How Aaron Radley knew Charles Seithers–or if they were even friends or close associates–is a question I cannot answer. But based on the fact that his mug was specifically, boldly inscribed to Seithers (and hand inscribed on the bottom by Radley), the mug was pretty clearly a presentation piece, and probably made as a gift from Radley to Seithers–as is the case with other comparable pieces of American stoneware. This puts Radley’s mug in a fairly rare category. We can call it so for a number of reasons–the fairly rare form for decorated stoneware; the almost unheard-of decoration of the Liberty Bell; its signature from a previously unknown Philadelphia potter. But as a vessel apparently used specifically for the consumption of lager, unlike so many of the jugs and other vessels made for ambiguous spirituous (or other) liquids, we more or less know exactly what the mug held on a regular basis. By 1877, Patrick McCusker had left Radley’s firm, and it took on the name of “Salinger & Radley.” By the end of the decade this partnership, too, seems to have dissolved and Radley was out on his own. In his later years (around 1885, when he was about 57 years old), he became a grocer and, eventually, a jeweler, maintaining that profession into his 80′s. Aaron Radley died on Halloween, 1914, of some form of pneumonia. Seithers had died a decade prior, on March 8, 1904, of kidney failure at the age of 65. He, too, had given up his profession of the mid-1870′s, and had moved on to barbering. In Radley’s obituary, those memorializing him called him, “one of the oldest residents of Frankford … who opened the first China and glassware house in that section of the city.” I have been unable to find any reference (though one certainly may exist) to Radley owning a merchant’s shop, selling china or glass, and I believe this is probably the case of time or miscommunication getting in the way of the facts. The writer was probably really referring to Radley’s old pottery.This is yet another case in which two men who may not even be remembered by their own families today, are memorialized by just one object that happened to survive. Aaron Radley probably made thousands of pots in his lifetime; Seithers likewise would have owned countless objects over the course of his life. But this mug, probably produced in the spirit of giving, now gives us another opportunity to peer dimly into the past.

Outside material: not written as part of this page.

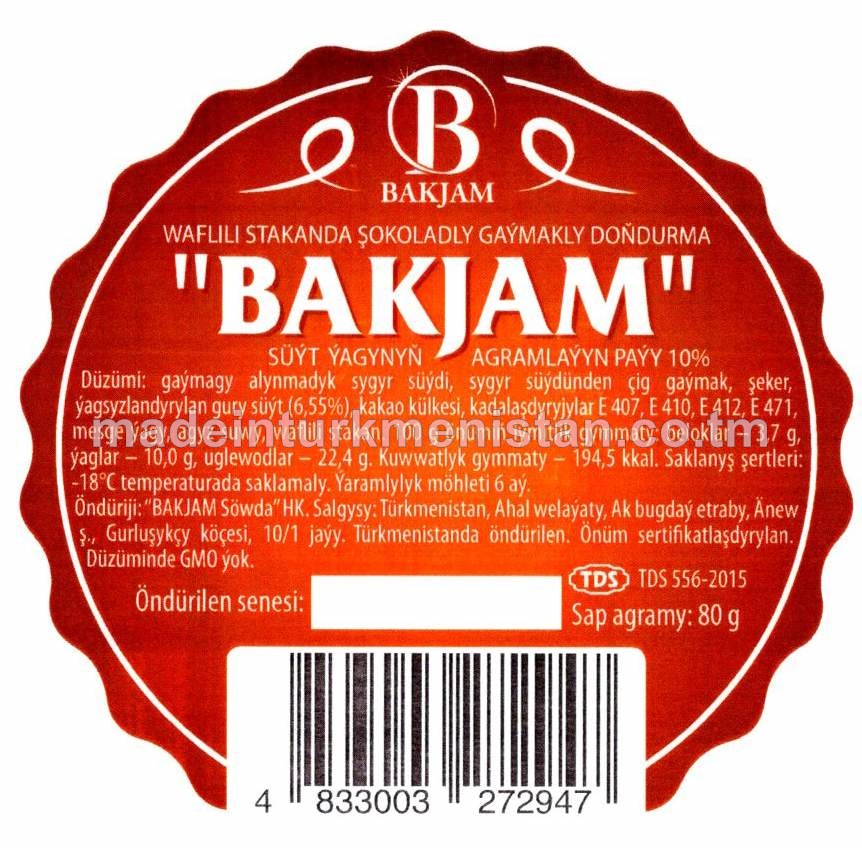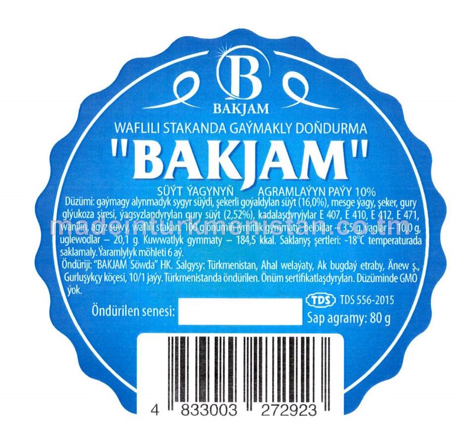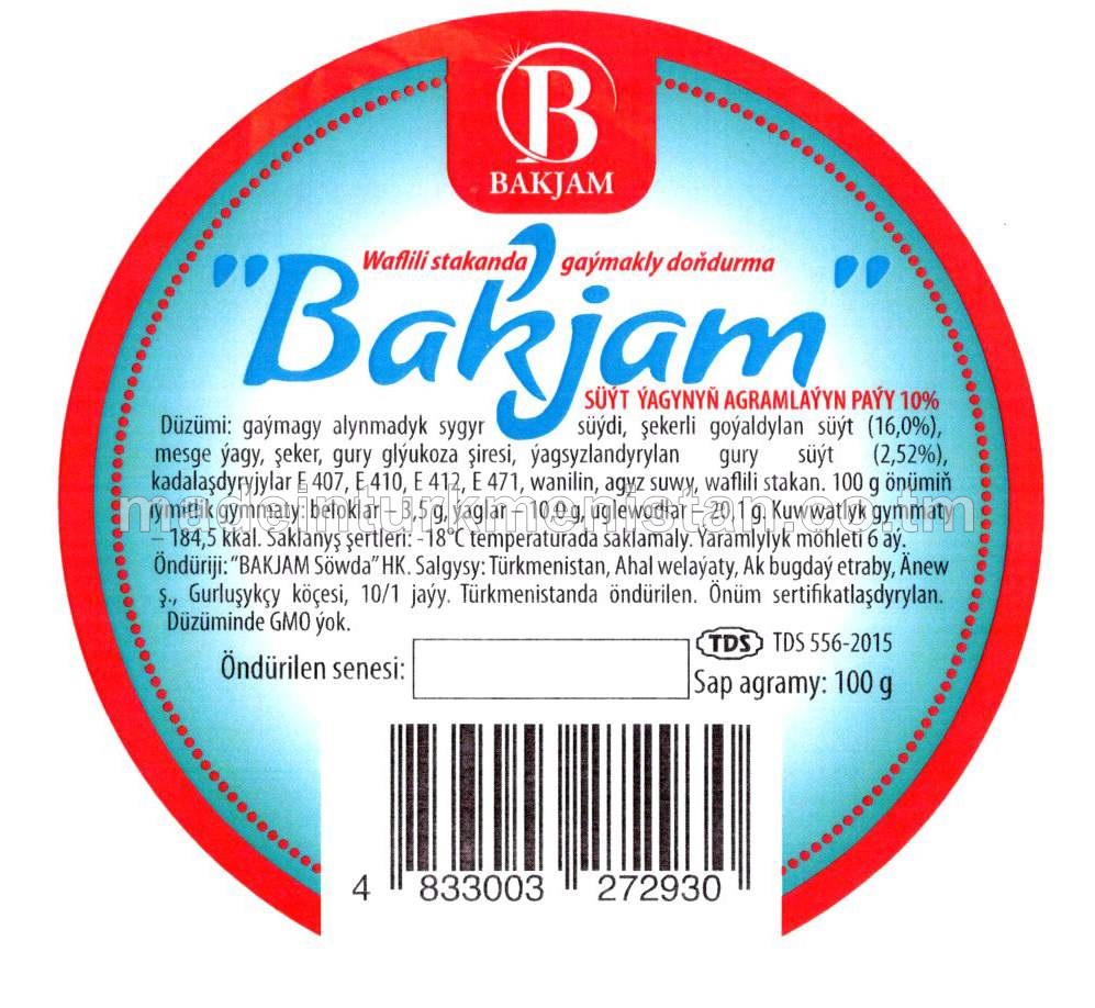 "BAKJAM" Waflili stakanda gaýmakly doňdurma. Süýt ýagynyň agramlaýyn paýy 10%

A Note About Sources: As can probably be gleaned from the text, I used applicable Philadelphia city directories, newspapers, and death records, as well as federal census listings for the bulk of my research. For secondary, modern sources, (as noted in the text) I used Broderick & Bouck’s Pottery Works …; for the section on lager, I used Mark A. Noon’s Yuengling: A History of America’s Oldest Brewery heavily.